## Work instruction
Copy out the listing in full, exactly as written, but not its pictures.

- - - -

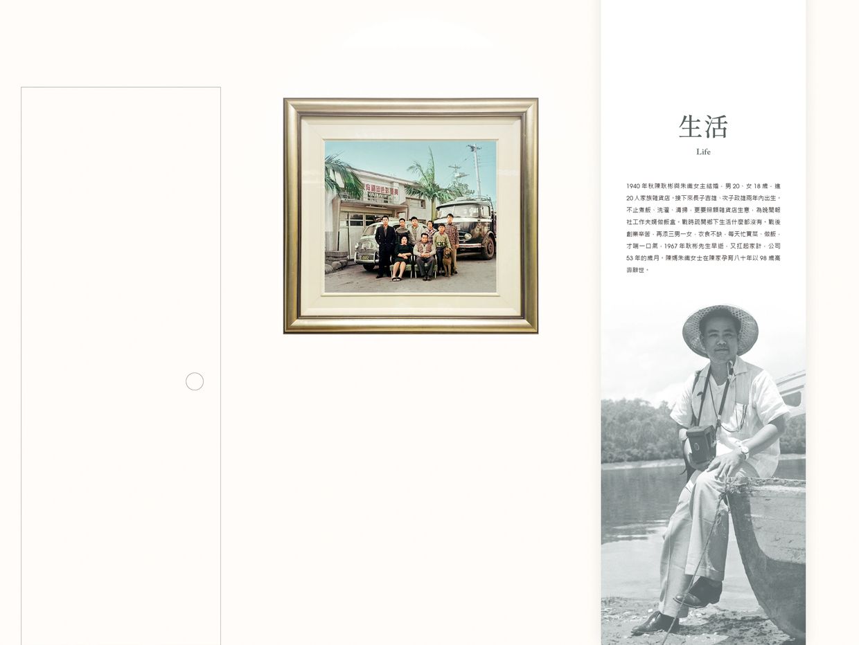 1940年秋陳耿彬與朱織女主結婚,男20、女18歲,進20人家族雜貨店。接下來長子吉雄、次子政雄兩年內出生。不止煮飯、洗濯、清掃,更要照顧雜貨店生意,為晚間報社工作夫婿做飯盒。戰時疏開鄉下生活什麼都沒有。戰後創業辛苦,再添三男一女,衣食不缺,每天忙買菜、做飯,才喘一口氣,1967 年耿彬先生早逝,又扛起家計,公司53 年的歲月。陳媽朱織女士在陳家孕育八十年以98 歲高壽辭世。
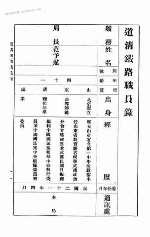 | 网盘路径:/时光图书馆珍藏系列/书籍文件/老图书/《道清线全国铁路职员录》电子版合集.db | ||
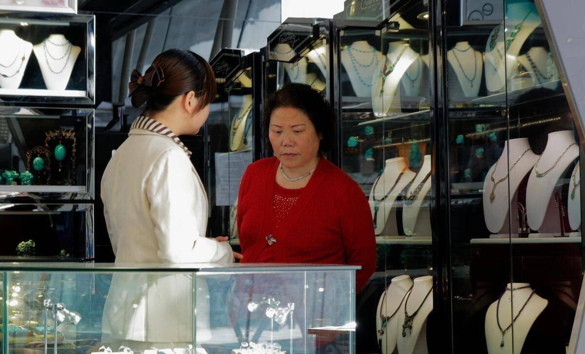 听了小李的介绍,我们便跟着他来到了一家翡翠店。店里面堆满了各式各样的翡翠,我和男友也开始仔细地观察起来。小李则在一旁耐心地解释着每一件翡翠的种类、质地和价格。
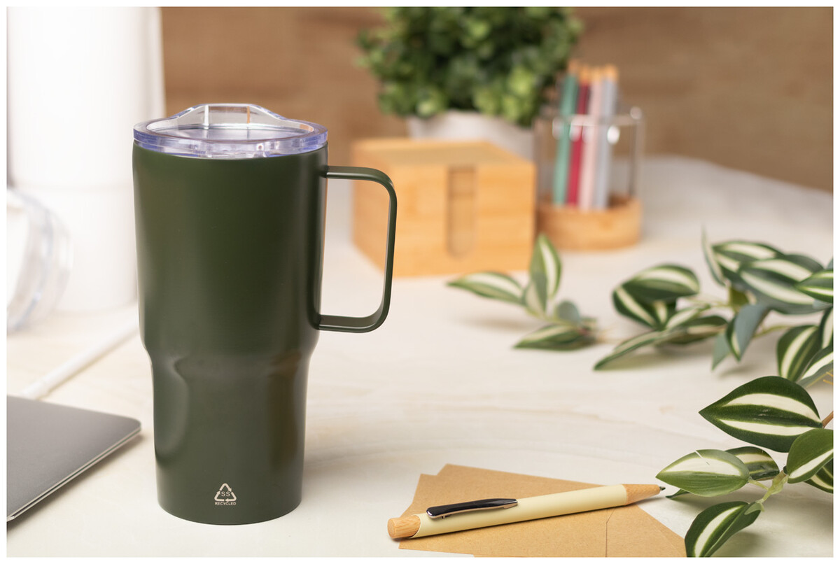 Dvoustěnný vakuově izolovaný termo hrnek z recyklované nerezové oceli s plastovým víčkem na pití z PS. 600 ml.
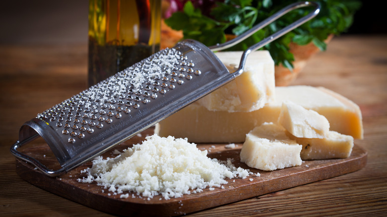 To achieve this, warm up a greased pan on your stove, and then sprinkle some grated Parmesan into the skillet before placing your bread slices on top of them. Once the cheese has melted slightly, place your filling cheese on top of your slices before placing the two pieces of bread together. Proceed to fry your grilled cheese as you normally would on medium-low heat. As it cooks, the Parmesan-studded sides will become flecked with crispy, deeply savory pieces while the inside melts as normal.
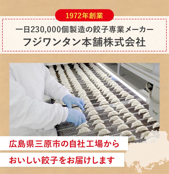広島県三原市にある「フジワンタン本舗株式会社」です。1972年の創業以来、1日23万個以上の餃子を製造し、全国のラーメン店やご家庭にお届けしてきました。2024年10月からは、楽天市場に「ぎょうざほんぽpao」として出店。素材選びから製造まで、すべて自社工場で丁寧に行っています。
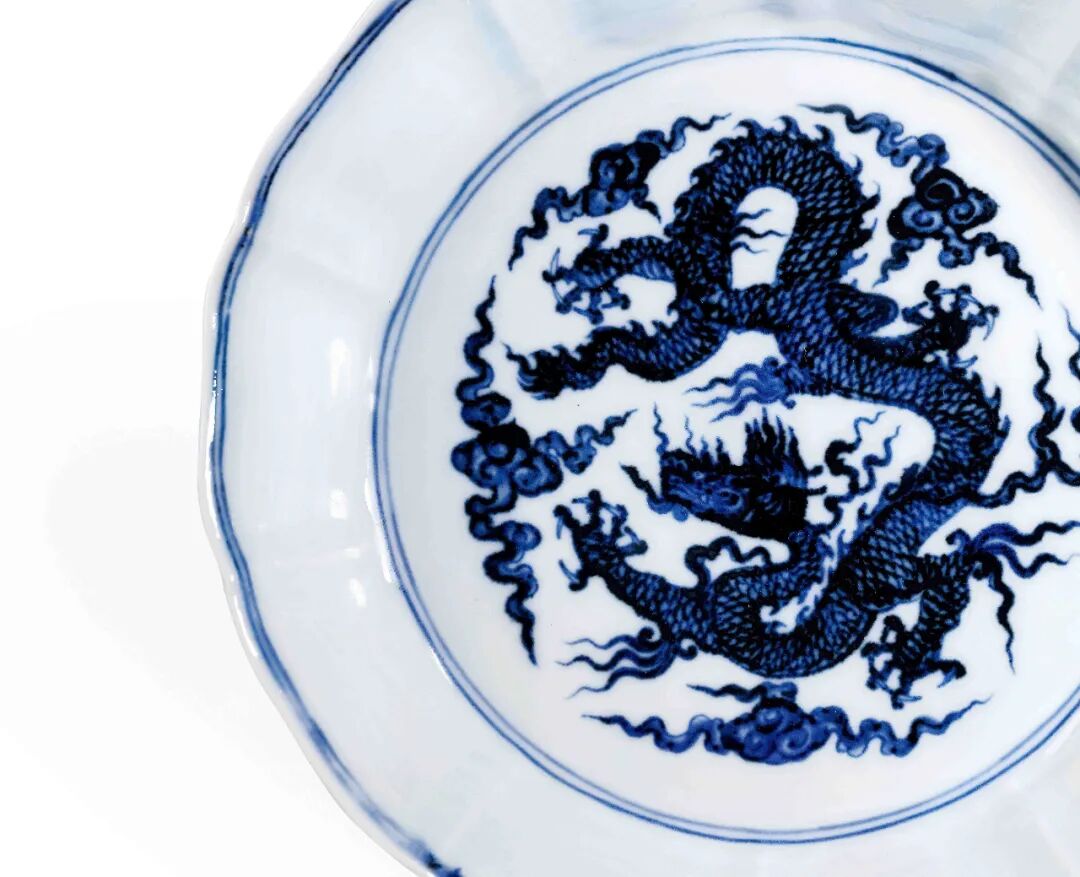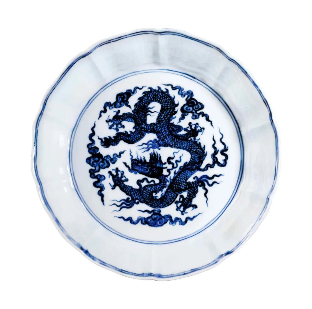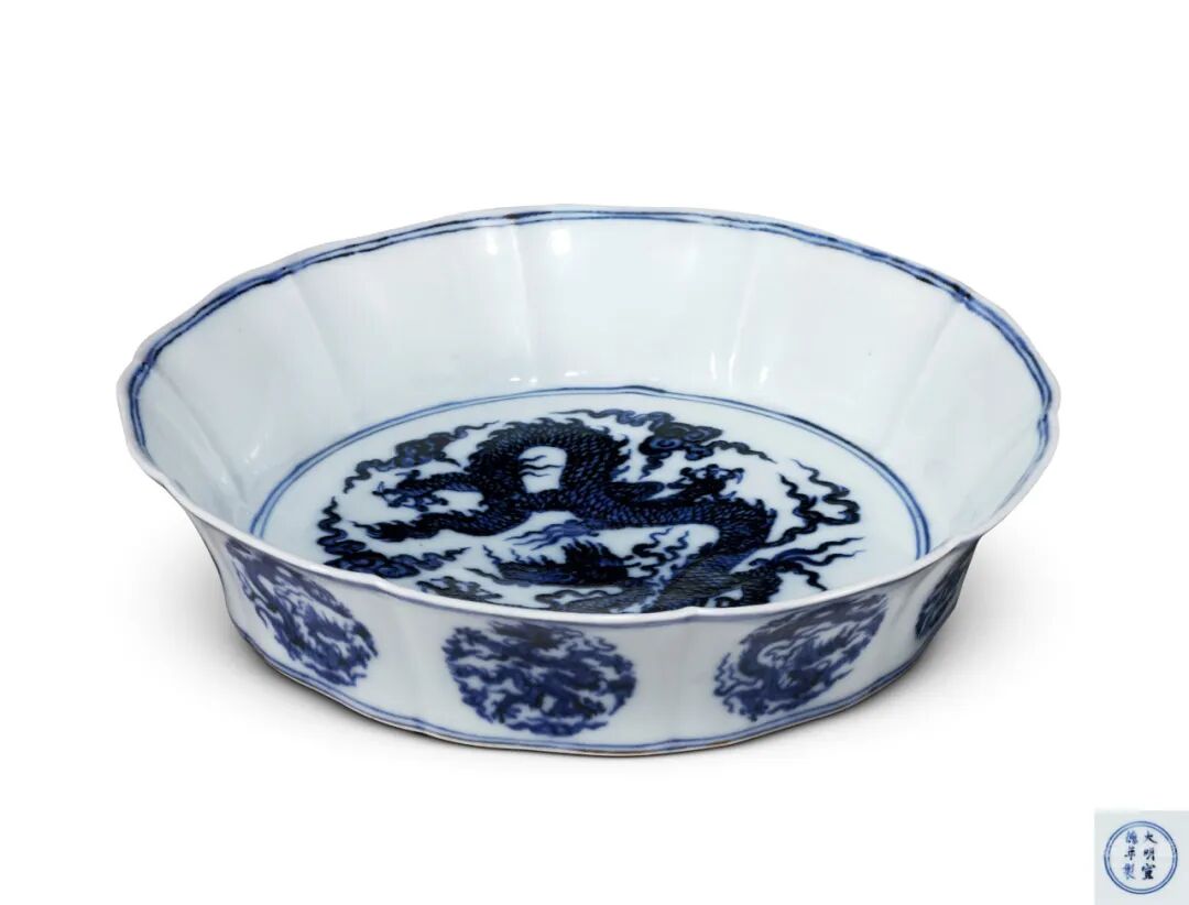 1.Thomas Arthur Clarke(生.1871)上尉及夫人 Emmeline Clarke, 本姓 Matthews(逝.1962) 收藏,Springfort Hall,马罗,科克郡,爱尔兰, 此后家族传承2.Lillian Mabel Hebbert, 本姓 Matthews(1891—1976)收藏,此后家族传承3.Patrick Robert levers (1940-2015)中校收藏4.觉是轩(Priestly & Ferraro),伦敦5.纽约苏富比,2017年3月14日,Lot0008拍品估价:8,000,000 - 10,000,000 人民币本品为宣窑之旷世隽品,妙作十瓣花式,造型端庄秀雅,花瓣边沿于中微敛,颇似蜀葵,故常名葵式洗。蜀葵是宋人陆游笔下的心心相印:“翩翩蝴蝶成双过,两两蜀葵相背开”;是明人张翰笔下的赤诚忠心:“蜀葵花草干高挺,而花舒向日……丹心则一,故恒比于忠赤”;亦是清人钱宛鸾笔下的一笑百媚生:“织云制粉,裁霞剪彩……傲杀杜鹃,不输芍药,蜀地笑芙蓉。”宋人取其形入瓷,官窑、哥窑等时有烧制葵瓣洗之形。已知宋器十棱洗散见于北京故宫博物院、台北故宫博物院等处,拍卖市场上偶有得见。宣德时期承继这一制式,惟足内不再绘五爪飞龙,代之以宣德六字款。此件即为其中精品。其胎体细腻洁白,釉质莹润亮青,青花幽菁沉着。内底青花双圈内绘一五爪降龙于祥云之间,龙首威武昂扬,龙身舒展修长,雄姿遒劲,矫健勇猛,有气吞山河之势。外壁绘团龙,升龙与降龙相间,游龙矫健,威势凌人。采用小笔渲染填色,兼有淡描勾线与渲染笔法,与幽深之青花相合,微泛浓妍之锡光,凸显宫廷龙纹的霸气震慑之感。![]()

- - - -

## Expected answer
 1940年秋陳耿彬與朱織女主結婚,男20、女18歲,進20人家族雜貨店。接下來長子吉雄、次子政雄兩年內出生。不止煮飯、洗濯、清掃,更要照顧雜貨店生意,為晚間報社工作夫婿做飯盒。戰時疏開鄉下生活什麼都沒有。戰後創業辛苦,再添三男一女,衣食不缺,每天忙買菜、做飯,才喘一口氣,1967 年耿彬先生早逝,又扛起家計,公司53 年的歲月。陳媽朱織女士在陳家孕育八十年以98 歲高壽辭世。
 | 网盘路径:/时光图书馆珍藏系列/书籍文件/老图书/《道清线全国铁路职员录》电子版合集.db | ||
 听了小李的介绍,我们便跟着他来到了一家翡翠店。店里面堆满了各式各样的翡翠,我和男友也开始仔细地观察起来。小李则在一旁耐心地解释着每一件翡翠的种类、质地和价格。
 Dvoustěnný vakuově izolovaný termo hrnek z recyklované nerezové oceli s plastovým víčkem na pití z PS. 600 ml.
 To achieve this, warm up a greased pan on your stove, and then sprinkle some grated Parmesan into the skillet before placing your bread slices on top of them. Once the cheese has melted slightly, place your filling cheese on top of your slices before placing the two pieces of bread together. Proceed to fry your grilled cheese as you normally would on medium-low heat. As it cooks, the Parmesan-studded sides will become flecked with crispy, deeply savory pieces while the inside melts as normal.
広島県三原市にある「フジワンタン本舗株式会社」です。1972年の創業以来、1日23万個以上の餃子を製造し、全国のラーメン店やご家庭にお届けしてきました。2024年10月からは、楽天市場に「ぎょうざほんぽpao」として出店。素材選びから製造まで、すべて自社工場で丁寧に行っています。
 1.Thomas Arthur Clarke(生.1871)上尉及夫人 Emmeline Clarke, 本姓 Matthews(逝.1962) 收藏,Springfort Hall,马罗,科克郡,爱尔兰, 此后家族传承2.Lillian Mabel Hebbert, 本姓 Matthews(1891—1976)收藏,此后家族传承3.Patrick Robert levers (1940-2015)中校收藏4.觉是轩(Priestly & Ferraro),伦敦5.纽约苏富比,2017年3月14日,Lot0008拍品估价:8,000,000 - 10,000,000 人民币本品为宣窑之旷世隽品,妙作十瓣花式,造型端庄秀雅,花瓣边沿于中微敛,颇似蜀葵,故常名葵式洗。蜀葵是宋人陆游笔下的心心相印:“翩翩蝴蝶成双过,两两蜀葵相背开”;是明人张翰笔下的赤诚忠心:“蜀葵花草干高挺,而花舒向日……丹心则一,故恒比于忠赤”;亦是清人钱宛鸾笔下的一笑百媚生:“织云制粉,裁霞剪彩……傲杀杜鹃,不输芍药,蜀地笑芙蓉。”宋人取其形入瓷,官窑、哥窑等时有烧制葵瓣洗之形。已知宋器十棱洗散见于北京故宫博物院、台北故宫博物院等处,拍卖市场上偶有得见。宣德时期承继这一制式,惟足内不再绘五爪飞龙,代之以宣德六字款。此件即为其中精品。其胎体细腻洁白,釉质莹润亮青,青花幽菁沉着。内底青花双圈内绘一五爪降龙于祥云之间,龙首威武昂扬,龙身舒展修长,雄姿遒劲,矫健勇猛,有气吞山河之势。外壁绘团龙,升龙与降龙相间,游龙矫健,威势凌人。采用小笔渲染填色,兼有淡描勾线与渲染笔法,与幽深之青花相合,微泛浓妍之锡光,凸显宫廷龙纹的霸气震慑之感。![]()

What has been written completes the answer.